[Opening Given information section]

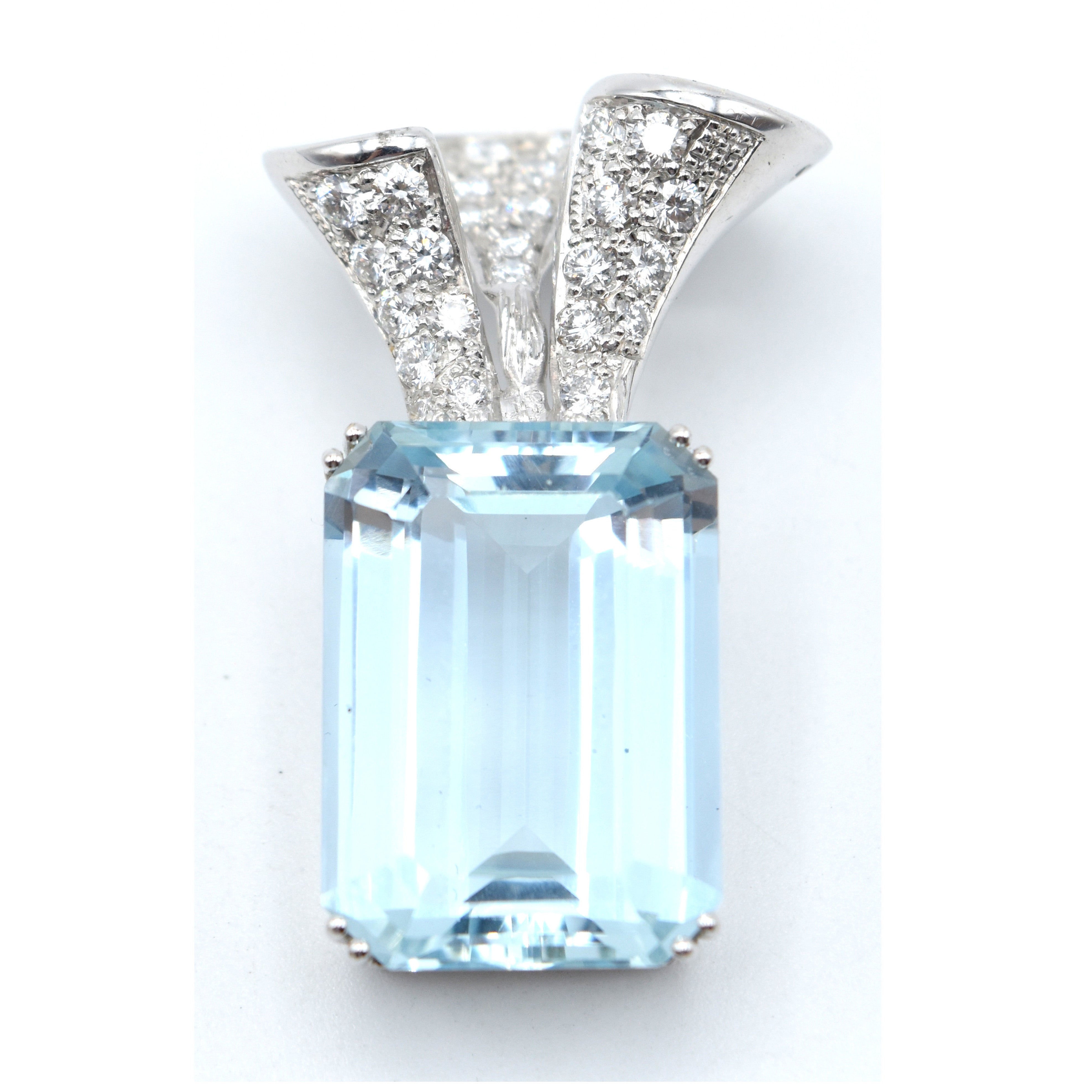 Hanger in 18 kt witgoud bezet met 37 briljanten +/- 1 kt en 1 aquamarijn - 14 g bruto
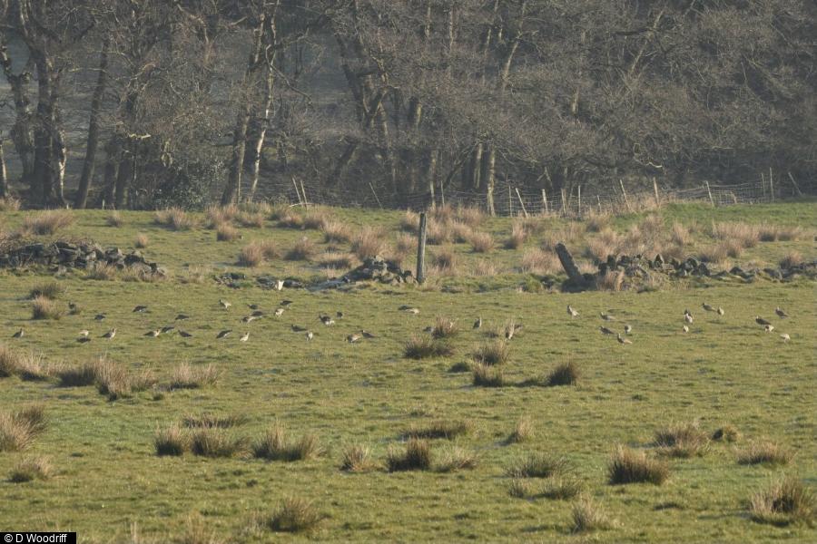 - 1 - with Greylags in fields to SW, different bird to Damflask so two in the area. ; Curlew - 27 - in fields to S ; Greylag Goose - 11
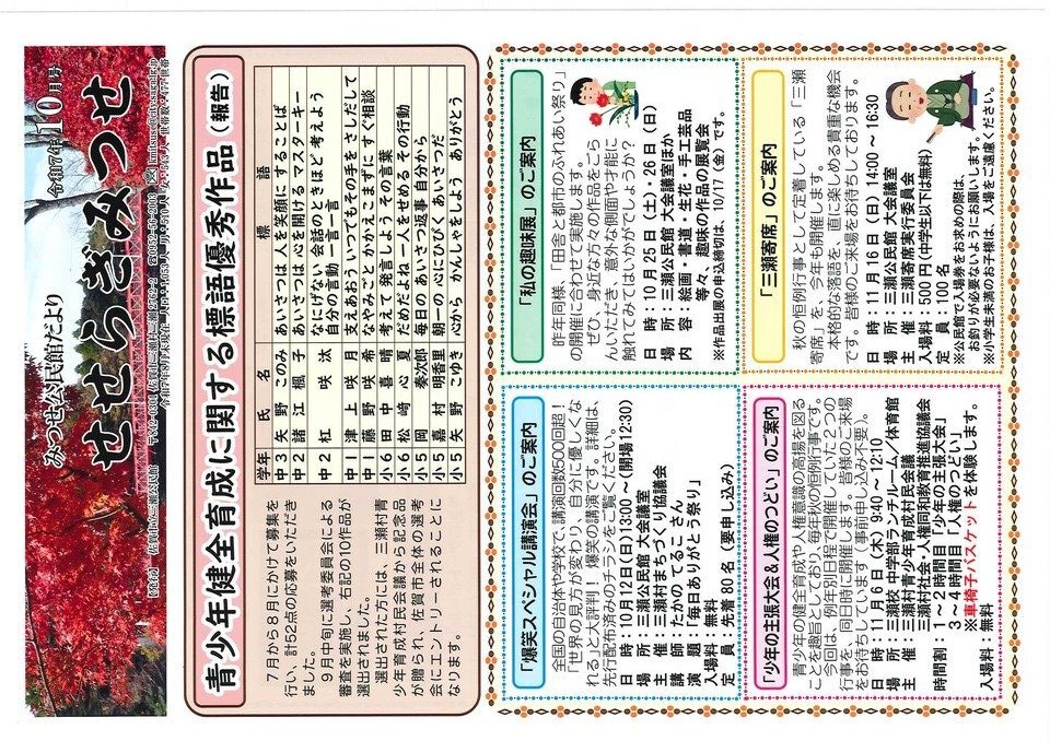 ○ 市立図書館三瀬館からお知らせPDF版はこちら。→ R7.10三瀬公民館だより.pdf
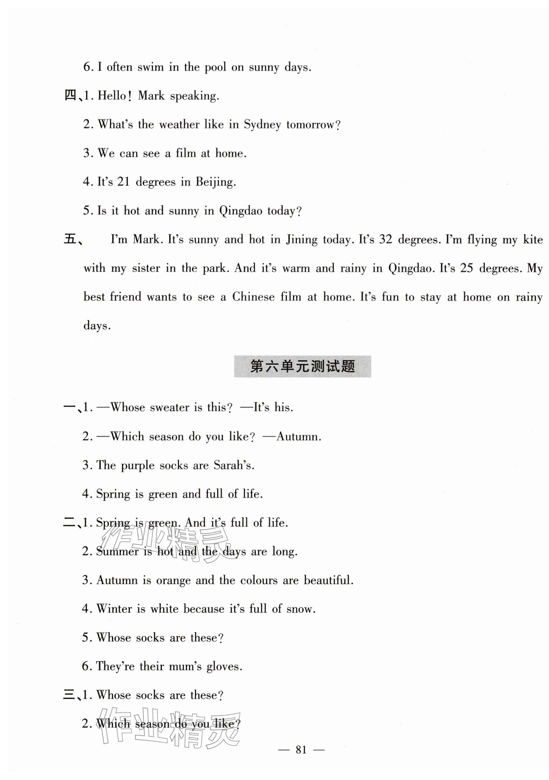 注:目前有些书本章节名称可能整理的还不是很完善,但都是按照顺序排列的,请同学们按照顺序仔细查找。练习册 2025年单元自测试卷四年级英语上学期人教版 答案主要是用来给同学们做完题方便对答案用的,请勿直接抄袭。

[Closing Given information section]

Problem: Please retype the data exactly, but do not carry over any picture.

Exercise result:
 Hanger in 18 kt witgoud bezet met 37 briljanten +/- 1 kt en 1 aquamarijn - 14 g bruto
 - 1 - with Greylags in fields to SW, different bird to Damflask so two in the area. ; Curlew - 27 - in fields to S ; Greylag Goose - 11
 ○ 市立図書館三瀬館からお知らせPDF版はこちら。→ R7.10三瀬公民館だより.pdf
 注:目前有些书本章节名称可能整理的还不是很完善,但都是按照顺序排列的,请同学们按照顺序仔细查找。练习册 2025年单元自测试卷四年级英语上学期人教版 答案主要是用来给同学们做完题方便对答案用的,请勿直接抄袭。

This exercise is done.